In 2018, MCA formed a committee to review offenses under the Companies Act. The committee recommended several urgent changes, including:

  • Increasing the power of ROCs and Regional Directors
  • Moving some matters from tribunals (NCLT) to in-house adjudication
  • Changing some criminal offenses into civil penalties
  • Implementing 33 important provisions immediately

Because of urgency, these changes were introduced by ordinance, instead of waiting for Parliament.

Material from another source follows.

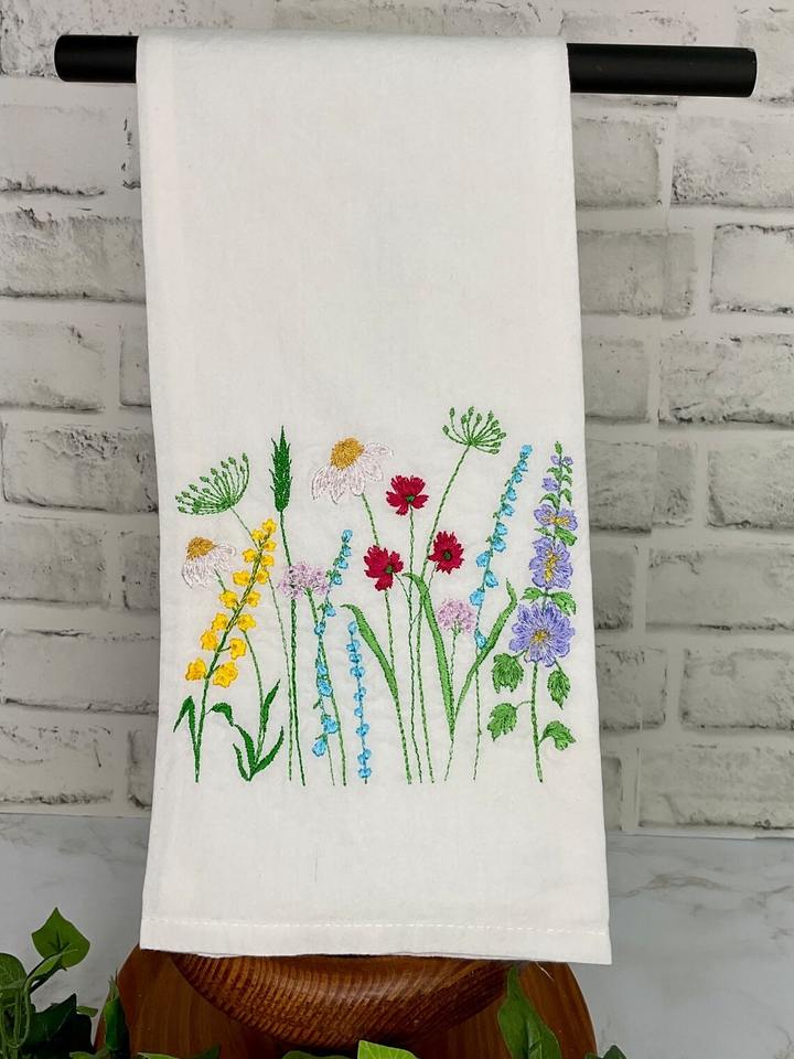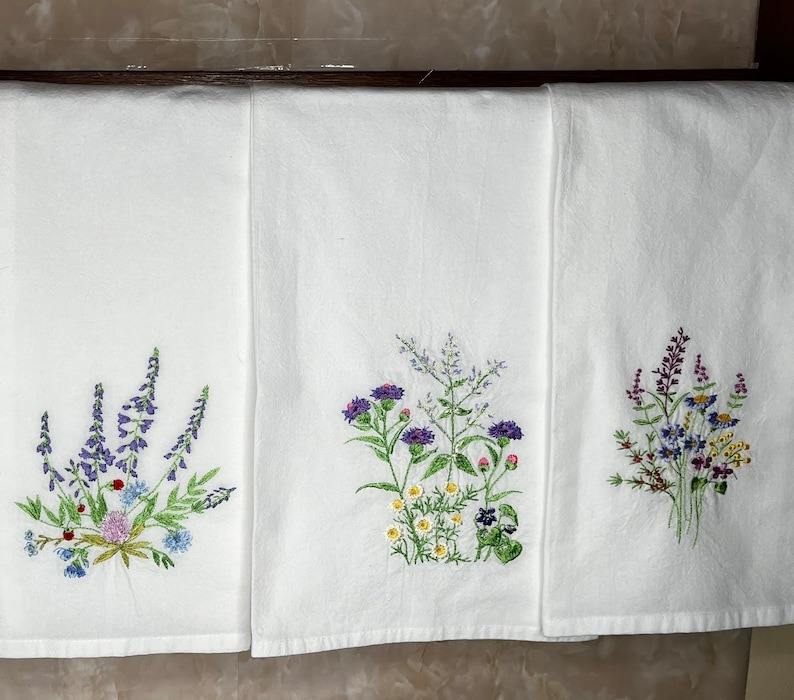 ผ้าเช็ดชา Nature4u ผ้าฝ้าย 100% ใช้ซ้ำได้ ลายปักดอกไม้ป่า เป็นมิตรกับสิ่งแวดล้อม แห้งเร็ว ซึมซับน้ำได้ดี รับสั่งทำตามแบบ

Incorporation of Companies in India

To incorporate a company, several documents and approvals are required. Different types of companies have different requirements.

Historically, Indian companies could be formed:

  1. By Royal Charter (e.g., East India Company) – No longer used
  2. By Special Act of Parliament, e.g., RBI, SBI
  3. Under Companies Act 1956 or 2013 – Most modern companies

Today, the main types of business entities include:

  • Sole Proprietorship
  • Partnership Firm
  • Limited Liability Partnership (LLP)
  • Hindu Undivided Family (HUF)
  • Co-operatives and Joint Ventures
  • Private Limited Company (2–200 members)
  • Small Company (lower capital and turnover limits)
  • Public Limited Company
  • Public Sector Undertaking (PSU)
  • Dormant Company
  • Unlimited Company

Corporate Governance under Companies Act, 2013

Section 149 requires every company to have a Board of Directors.

Section 169 explains removal of directors:

  • Directors can be removed by a simple majority vote in the general meeting
  • A 28-day special notice is required
  • Directors appointed under proportional representation cannot be removed by majority shareholders

Employee Rights in Company Law

Indian workers’ participation in company management has been discussed for decades.

Key points:

  • Article 43A of the Constitution encourages worker participation in management
  • The Industrial Disputes Act, 1947, created joint work councils
  • In the case National Textile Workers Union vs Ramakrishnan, the Supreme Court allowed workers to participate in winding-up proceedings of companies, because their livelihood is affected

Directors’ Duties (Section 166 of Companies Act, 2013)

Directors must:

  1. Act according to the company’s articles
  2. Act in good faith for the benefit of the company, shareholders, employees, environment, and community
  3. Exercise reasonable care, skill, and diligence
  4. Avoid conflict of interest
  5. Not misuse their position for personal gain
  6. Not assign their office
  7. Follow the law or face fines between ₹1 lakh to ₹5 lakh

Corporate Social Responsibility (CSR)

Under Section 135, CSR is mandatory for companies with:

  • Net worth of ₹500 crore+, or
  • Turnover of ₹1000 crore+, or
  • Net profit of ₹5 crore+

Such companies must:

  • Spend 2% of their average net profit (last 3 years) on CSR
  • As per Schedule VII (mainly community development)

India is the first country in the world to make CSR spending legally mandatory.